Records XorShift64 seeding, generation-local versus continuation RNG state, and the exact conditions required for reproducible token sequences.
Implementation evidence: this topic is grounded in the reviewed GGUF.MiRust.com source snapshot. It documents observed code and artifacts without claiming broad deployment, model quality, or production readiness.
Generator
The runtime uses a project-owned XorShift64 generator. A zero seed is normalized by the constructor to avoid the all-zero absorbing state.
Full generation
run_generation creates a fresh RNG from the configured seed for every prompt, so identical accepted model bytes, prompt tokens, configuration, and floating-point execution should replay the same sequence.
Single-token continuation
generate_next_token uses the runtime-owned RNG and advances it across calls.
Limits
Reproducibility is not guaranteed across changed source revisions, compilers, math implementations, architectures, quantized artifacts, tokenizer bytes, or floating-point semantics.
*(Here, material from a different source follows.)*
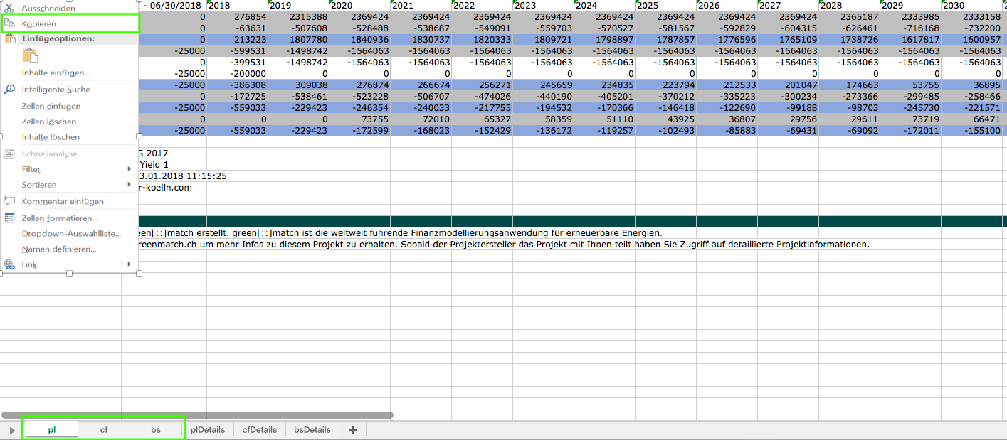 - Kopieren Sie in einem nächsten Schritt die Arbeitsblätter der Übersichten (pl, cf, bs) aus dem Fimo-Excel-Export.

The seed is one field in a reproduction record, not a complete proof.
Scope
This starter page defines the questions, boundaries, evidence, and failure modes that should be recorded before a capability is presented as supported.
Engineering considerations
- Identify the source, version, target environment, and owner.
- Separate observed values from estimates and externally reported values.
- Record trade-offs, unsupported cases, and fallback behavior.
- Link performance statements to a compatible benchmark methodology.
Verification questions
- What exact artifact, revision, backend, and environment were reviewed?
- Which assumptions could change the result?
- Which data should be retained so another engineer can reproduce the conclusion?